**Goal of the exercise**
Give back the lines below exactly, but do not include any pictures.

Available records below:

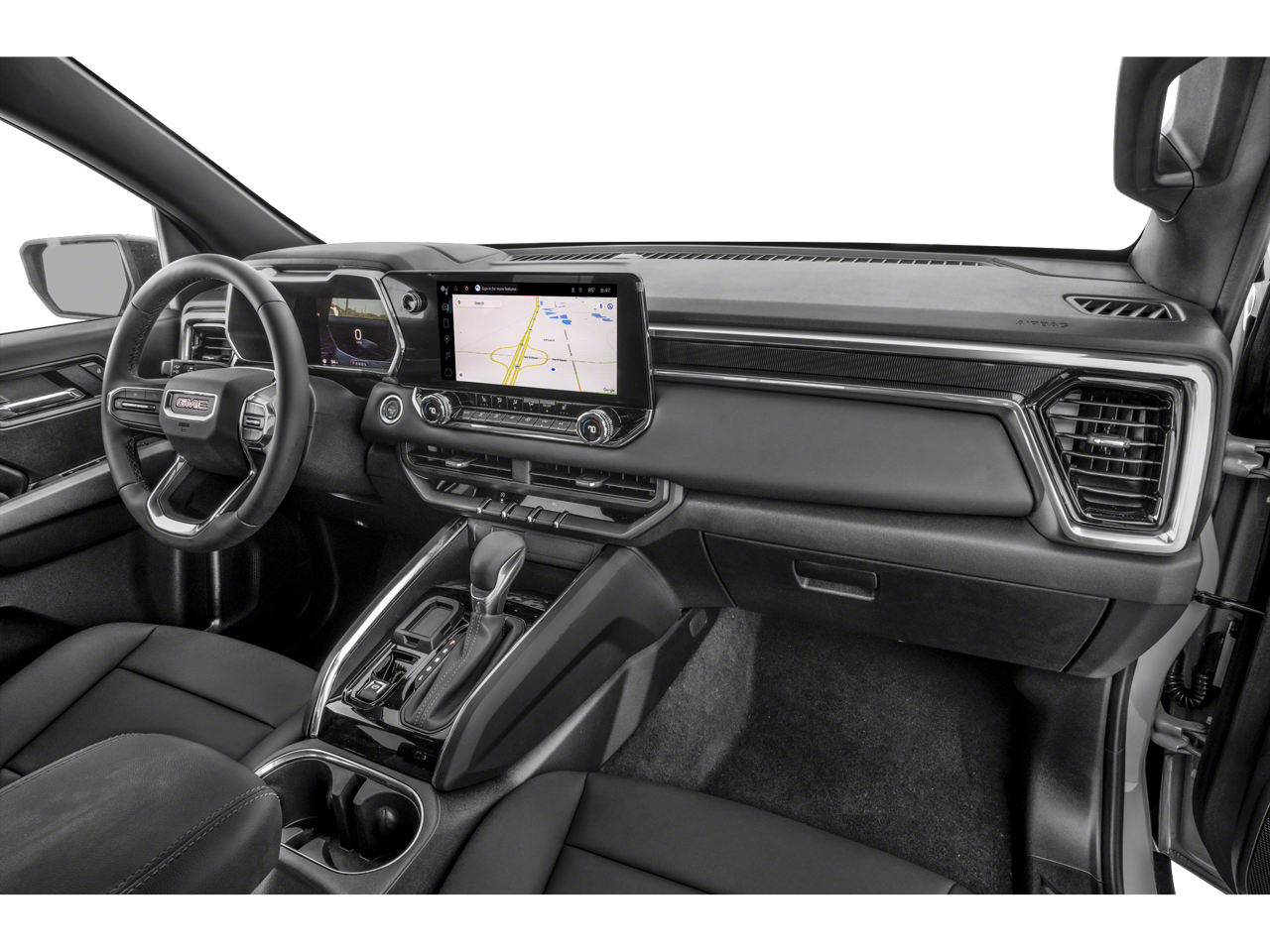 Convenience Package (120-Volt Bed Mounted Power Outlet, 2 Rear USB Ports in Center Console (Charge-Only), Driver & Front Passenger Illuminated Visors, Dual-Zone Automatic Air Conditioning, EZ-Lift & Lower Tailgate, Front LED Fog Lamps, Heated Power-Adjustable Outside Mirrors, Inside Rear-View Auto-Dimming Mirror, Interior Overhead Courtesy Light w/Dual Reading Lamp, Manual Rear-Sliding Window, MultiStow Tailgate, Rear of Console 120-Volt Power Outlet, Rear-Window Electric Defogger, Remote Vehicle Starter System, Tailgate Keyed Cylinder Lock, and Tilt & Telescopic Manual Steering Column), Preferred Equipment Group 4VL (Automatic Emergency Braking, Canyon Pro Safety, Following Distance Indicator, Forward Collision Alert, Front Pedestrian & Bicyclist Braking, IntelliBeam Automatic High Beam On/Off, and Lane Keep Assist w/Lane Departure Warning), Preferred Package (8-Way Power Driver Seat Adjuster, Heated Driver & Front Passenger Seats, and Power Driver Lumbar Control Seat Adjuster), Trailering Package (Integrated Trailer Brake Controller), 1 Rear USB Ports in Center Console (Charge-Only), 2 1st Row USB Charge/Data Ports, 220 Amps Alternator, 3.42 Rear Axle Ratio, 4-Way Manual Front Passenger Seat Adjuster, 4-Wheel Disc Brakes, 6 Speakers, 6-Speaker Audio System Feature, 6-Way Manual Driver Seat Adjuster, ABS brakes, Air Conditioning, Alloy wheels, AM/FM radio: SiriusXM, Apple CarPlay/Android Auto, Auto High-beam Headlights, Automatic Stop/Start, Brake assist, Bumpers: body-color, Cloth Seat Trim, Compass, Delay-off headlights, Driver door bin, Driver Mode Selector, Driver vanity mirror, Dual front impact airbags, Dual front side impact airbags, Electronic Stability Control, Front anti-roll bar, Front Bucket Seats, Front Center Armrest, Front License Plate Kit, Front Passenger Seatback Map Pocket, Front wheel independent suspension, Illuminated entry, Low tire pressure warning, Navigation System, Occupant sensing airbag, Outside temperature display, Overhead airbag, Overhead console, Panic alarm, Passenger door bin, Passenger vanity mirror, Power door mirrors, Power steering, Power windows, Radio data system, Radio: 11.3" Diagonal Premium GMC Infotainment Sys, Rear reading lights, Rear step bumper, Remote keyless entry, Security system, SiriusXM w/360L, Speed control, Speed-sensing steering, Split folding rear seat, Spray-On Bedliner, Steering wheel mounted audio controls, Stop/Start System Disable Button Engine Control, Tachometer, Tilt steering wheel, Traction control, Trip computer, Variably intermittent wipers, Wheels: 18" x 8.5" Dark Gray Painted Aluminum, and Wireless Apple CarPlay/Wireless Android Auto.
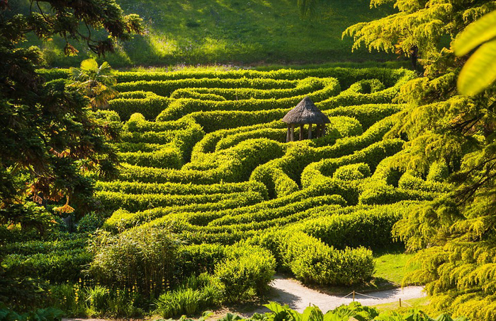 英国康沃尔郡格伦德根(Glendurgan)花园:在穿越格伦德根花园迷宫的3个谷地时很容易迷路,迷宫中间有一个小木屋。(网页截图)
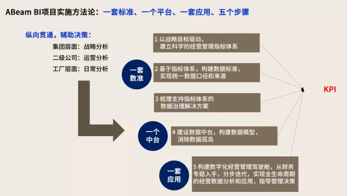 ABeam在各行业领域积累了丰富的实践经验并形成了独有的实施方法论。以一套标准、一个平台、一套应用、五个步骤来进行BI项目的实施交付。
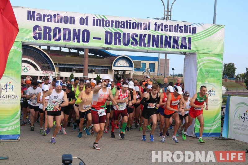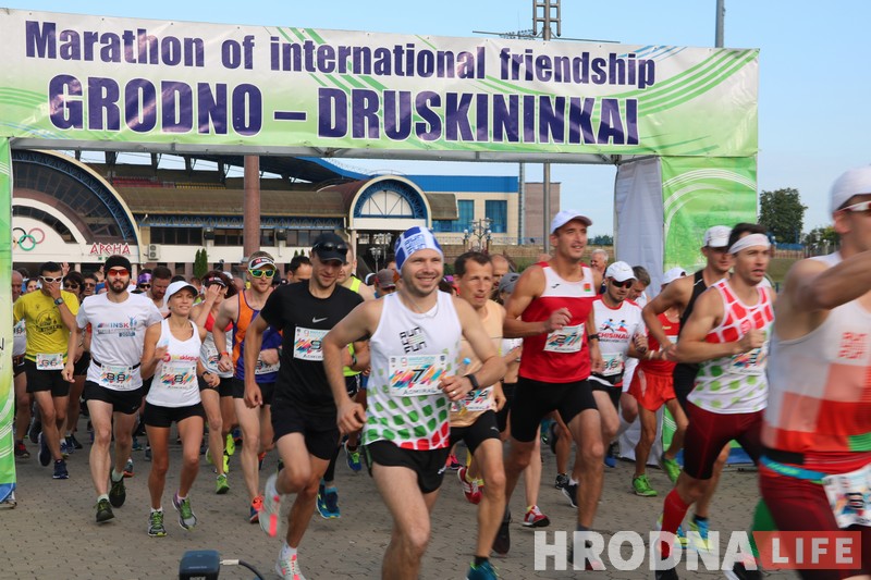 В восемь часов утром 14 июля участники «Марафона Дружба» стартовали из белорусского Гродно, чтобы финишировать в литовском Друскиникае. В этом году на старт вышли 144 марафонца из 11 стран мира. Среди них 115 мужчин и 29 женщин. Наибольшее количество любителей бега из Беларуси — 106. Далее следуют Литва, Польша, Россия и Украина.
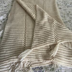 Hand Made Ivory Oatmeal Cream Colored Afghan Throw 88x56
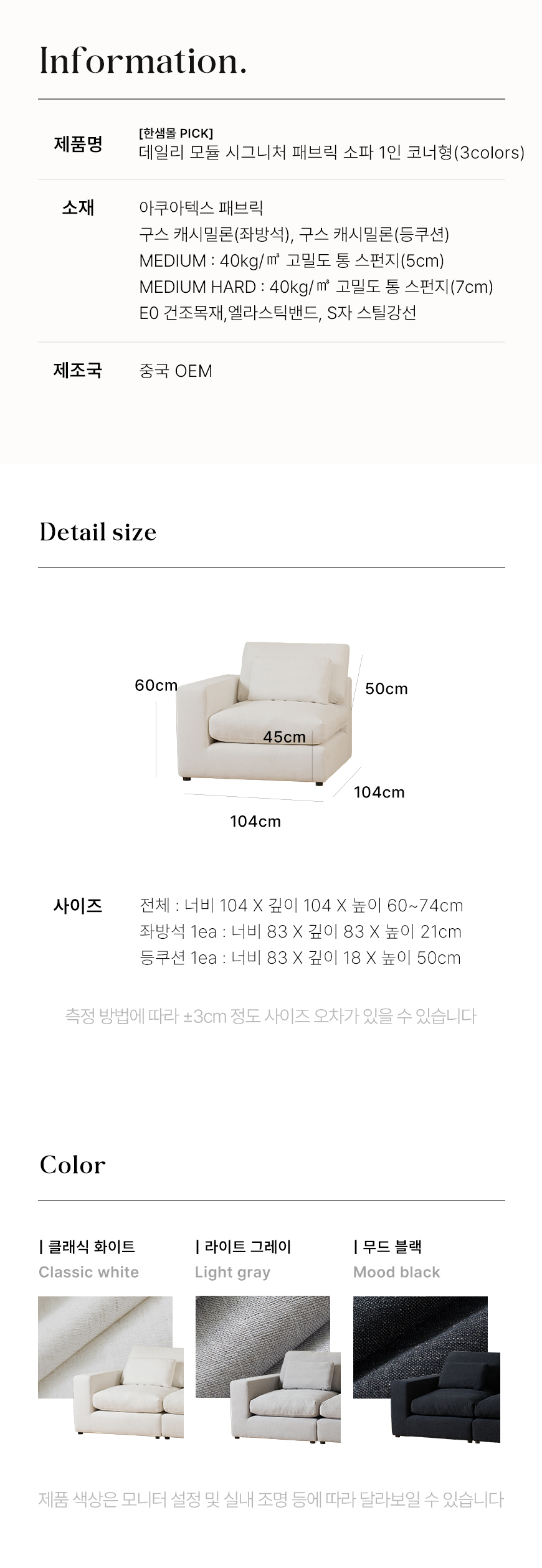 (한샘몰pick) 데일리 구스 모듈 시그니처 패브릭소파 1인 코너형 (3colors)
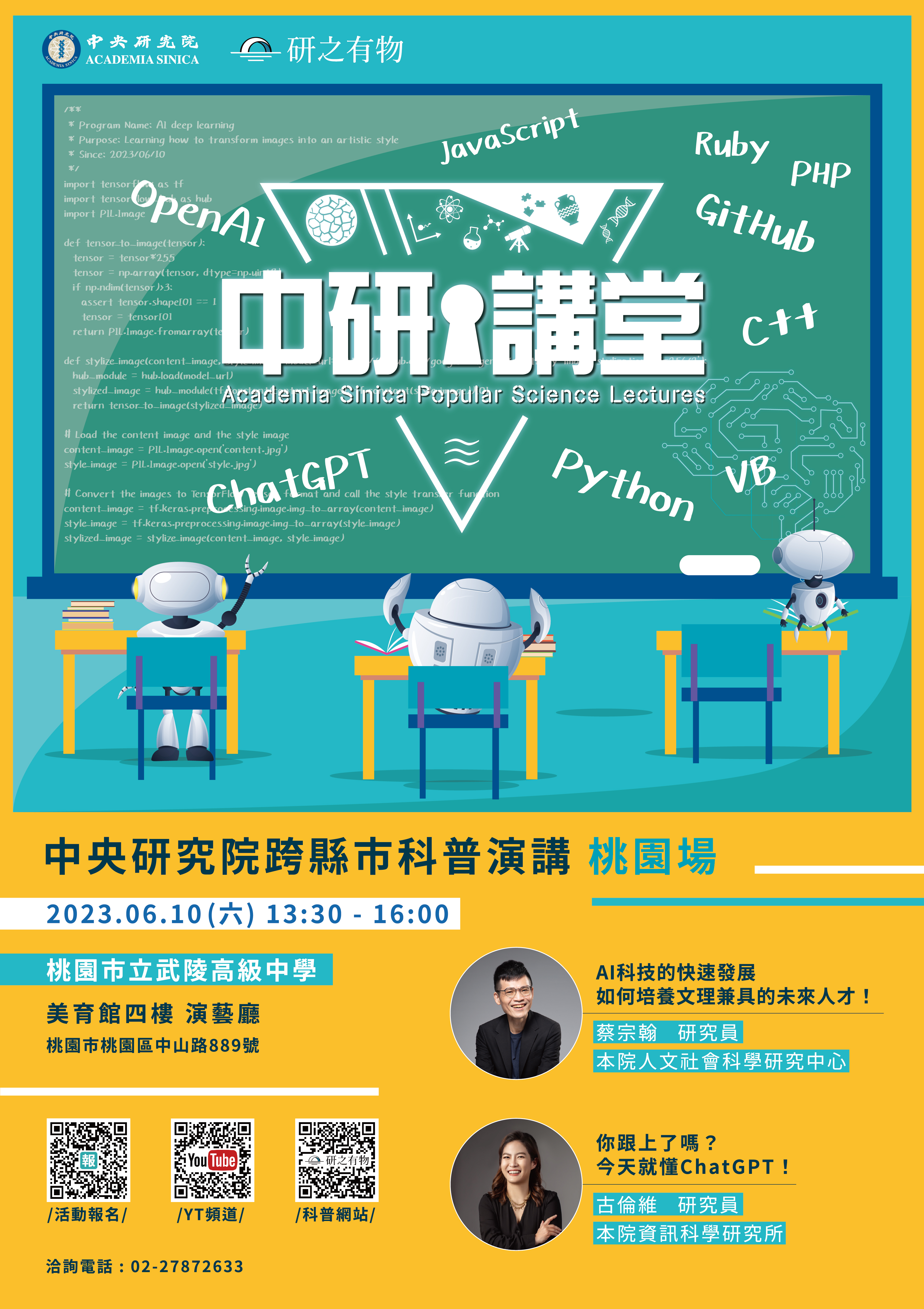四、如無法親臨參與,活動後可至本院YouTube頻道觀看錄影精華,網址:https://www.youtube.com/@academiasinica4594
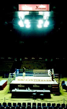 Using different accents in almost every interview, Marinoble was clever, witty, crazy... well lets face it, ever wonder why they call him "The Madman...?" well, we all found out... On the other side of the spotlight was Kimber who still made everyone laugh, but in a more serious tone of humor. The two worked so well together many thought they had known each other for life. However the fact was, they had met for the first time in Los Angeles Airport on Sunday, only a few days before. When asked things like "So, do you think he (Opponent) will be tough competition?" They would respond with lines like, "Well, I hear he dances well..." Or when asked, "Do you think the fight will end early?" One would reply, "Well I don't know about him but I'm packing a lunch because I heard he's pretty tough and I plan on a long nights work." It was lines like these that brought smiles and laughs to those in attendance. Neither cut the other down once. NOT ONCE! In fact, they both had tremendous respect for each other which made them seem like larger than life heroes to not just those in Malaysia, but to the entire IKF Team as well. It was their actions out of the ring that made the stage for one of the Greatest World Title Bouts to come. The day before the weigh-ins, IKF Officials Brooks Mason and Chuck Wolfe went with Andre Thomas to Shah Alam Stadium to help set up the ring and did a great job as well. It was a bran new TWINS Products Ring. Without a doubt, it was the nicest ring we've ever seen around the world. On Friday morning, they went back to finish it up. Later in the day, both fighters were asked if they wanted to go to the arena and get a feel of the ring. While Kimber opted not to, Marinoble took advantage of it. In a stadium that can hold over 10,000, Marinoble checked the ring alone and was dwarfed by the size of the arena. (Right) The event weigh-ins were on Friday night before the scheduled Saturday night bout. Marinoble made sure to grab the spotlight at the weigh-ins when he had trainer Greg Kirkpatrick place a radio inside the conference room where the weigh-ins were to take place. When he was announced to the crowd for his entree, someone pushed the "PLAY" button and Marinoble entered to the tune of "Cowboy" by Kid Rock, struttin in like "The Prince" himself with open shirt and sun glasses. A roar and cheer from the crowd relaxed the press and all who wondered if they should make any noise at all. What else would we expect though from someone known as "The Madman..." Marinoble set the tone as relaxed and what could have been expected to be a tense weigh-in, just turned into another good time for everyone. On the other side of the room, upon being introduced, current Champion Kimber made his entree rather quiet, but professional. With his shirt off showing the Malaysia media what a lot of hard work and 2% body fat looks like. With dozens of cameras flashing and clicking at both fighters, each took their turn at different poses for the media and even shared a few laughs

End of Available records.

**Result**
 Convenience Package (120-Volt Bed Mounted Power Outlet, 2 Rear USB Ports in Center Console (Charge-Only), Driver & Front Passenger Illuminated Visors, Dual-Zone Automatic Air Conditioning, EZ-Lift & Lower Tailgate, Front LED Fog Lamps, Heated Power-Adjustable Outside Mirrors, Inside Rear-View Auto-Dimming Mirror, Interior Overhead Courtesy Light w/Dual Reading Lamp, Manual Rear-Sliding Window, MultiStow Tailgate, Rear of Console 120-Volt Power Outlet, Rear-Window Electric Defogger, Remote Vehicle Starter System, Tailgate Keyed Cylinder Lock, and Tilt & Telescopic Manual Steering Column), Preferred Equipment Group 4VL (Automatic Emergency Braking, Canyon Pro Safety, Following Distance Indicator, Forward Collision Alert, Front Pedestrian & Bicyclist Braking, IntelliBeam Automatic High Beam On/Off, and Lane Keep Assist w/Lane Departure Warning), Preferred Package (8-Way Power Driver Seat Adjuster, Heated Driver & Front Passenger Seats, and Power Driver Lumbar Control Seat Adjuster), Trailering Package (Integrated Trailer Brake Controller), 1 Rear USB Ports in Center Console (Charge-Only), 2 1st Row USB Charge/Data Ports, 220 Amps Alternator, 3.42 Rear Axle Ratio, 4-Way Manual Front Passenger Seat Adjuster, 4-Wheel Disc Brakes, 6 Speakers, 6-Speaker Audio System Feature, 6-Way Manual Driver Seat Adjuster, ABS brakes, Air Conditioning, Alloy wheels, AM/FM radio: SiriusXM, Apple CarPlay/Android Auto, Auto High-beam Headlights, Automatic Stop/Start, Brake assist, Bumpers: body-color, Cloth Seat Trim, Compass, Delay-off headlights, Driver door bin, Driver Mode Selector, Driver vanity mirror, Dual front impact airbags, Dual front side impact airbags, Electronic Stability Control, Front anti-roll bar, Front Bucket Seats, Front Center Armrest, Front License Plate Kit, Front Passenger Seatback Map Pocket, Front wheel independent suspension, Illuminated entry, Low tire pressure warning, Navigation System, Occupant sensing airbag, Outside temperature display, Overhead airbag, Overhead console, Panic alarm, Passenger door bin, Passenger vanity mirror, Power door mirrors, Power steering, Power windows, Radio data system, Radio: 11.3" Diagonal Premium GMC Infotainment Sys, Rear reading lights, Rear step bumper, Remote keyless entry, Security system, SiriusXM w/360L, Speed control, Speed-sensing steering, Split folding rear seat, Spray-On Bedliner, Steering wheel mounted audio controls, Stop/Start System Disable Button Engine Control, Tachometer, Tilt steering wheel, Traction control, Trip computer, Variably intermittent wipers, Wheels: 18" x 8.5" Dark Gray Painted Aluminum, and Wireless Apple CarPlay/Wireless Android Auto.
 英国康沃尔郡格伦德根(Glendurgan)花园:在穿越格伦德根花园迷宫的3个谷地时很容易迷路,迷宫中间有一个小木屋。(网页截图)
 ABeam在各行业领域积累了丰富的实践经验并形成了独有的实施方法论。以一套标准、一个平台、一套应用、五个步骤来进行BI项目的实施交付。
 В восемь часов утром 14 июля участники «Марафона Дружба» стартовали из белорусского Гродно, чтобы финишировать в литовском Друскиникае. В этом году на старт вышли 144 марафонца из 11 стран мира. Среди них 115 мужчин и 29 женщин. Наибольшее количество любителей бега из Беларуси — 106. Далее следуют Литва, Польша, Россия и Украина.
 Hand Made Ivory Oatmeal Cream Colored Afghan Throw 88x56
 (한샘몰pick) 데일리 구스 모듈 시그니처 패브릭소파 1인 코너형 (3colors)
四、如無法親臨參與,活動後可至本院YouTube頻道觀看錄影精華,網址:https://www.youtube.com/@academiasinica4594
 Using different accents in almost every interview, Marinoble was clever, witty, crazy... well lets face it, ever wonder why they call him "The Madman...?" well, we all found out... On the other side of the spotlight was Kimber who still made everyone laugh, but in a more serious tone of humor. The two worked so well together many thought they had known each other for life. However the fact was, they had met for the first time in Los Angeles Airport on Sunday, only a few days before. When asked things like "So, do you think he (Opponent) will be tough competition?" They would respond with lines like, "Well, I hear he dances well..." Or when asked, "Do you think the fight will end early?" One would reply, "Well I don't know about him but I'm packing a lunch because I heard he's pretty tough and I plan on a long nights work." It was lines like these that brought smiles and laughs to those in attendance. Neither cut the other down once. NOT ONCE! In fact, they both had tremendous respect for each other which made them seem like larger than life heroes to not just those in Malaysia, but to the entire IKF Team as well. It was their actions out of the ring that made the stage for one of the Greatest World Title Bouts to come. The day before the weigh-ins, IKF Officials Brooks Mason and Chuck Wolfe went with Andre Thomas to Shah Alam Stadium to help set up the ring and did a great job as well. It was a bran new TWINS Products Ring. Without a doubt, it was the nicest ring we've ever seen around the world. On Friday morning, they went back to finish it up. Later in the day, both fighters were asked if they wanted to go to the arena and get a feel of the ring. While Kimber opted not to, Marinoble took advantage of it. In a stadium that can hold over 10,000, Marinoble checked the ring alone and was dwarfed by the size of the arena. (Right) The event weigh-ins were on Friday night before the scheduled Saturday night bout. Marinoble made sure to grab the spotlight at the weigh-ins when he had trainer Greg Kirkpatrick place a radio inside the conference room where the weigh-ins were to take place. When he was announced to the crowd for his entree, someone pushed the "PLAY" button and Marinoble entered to the tune of "Cowboy" by Kid Rock, struttin in like "The Prince" himself with open shirt and sun glasses. A roar and cheer from the crowd relaxed the press and all who wondered if they should make any noise at all. What else would we expect though from someone known as "The Madman..." Marinoble set the tone as relaxed and what could have been expected to be a tense weigh-in, just turned into another good time for everyone. On the other side of the room, upon being introduced, current Champion Kimber made his entree rather quiet, but professional. With his shirt off showing the Malaysia media what a lot of hard work and 2% body fat looks like. With dozens of cameras flashing and clicking at both fighters, each took their turn at different poses for the media and even shared a few laughs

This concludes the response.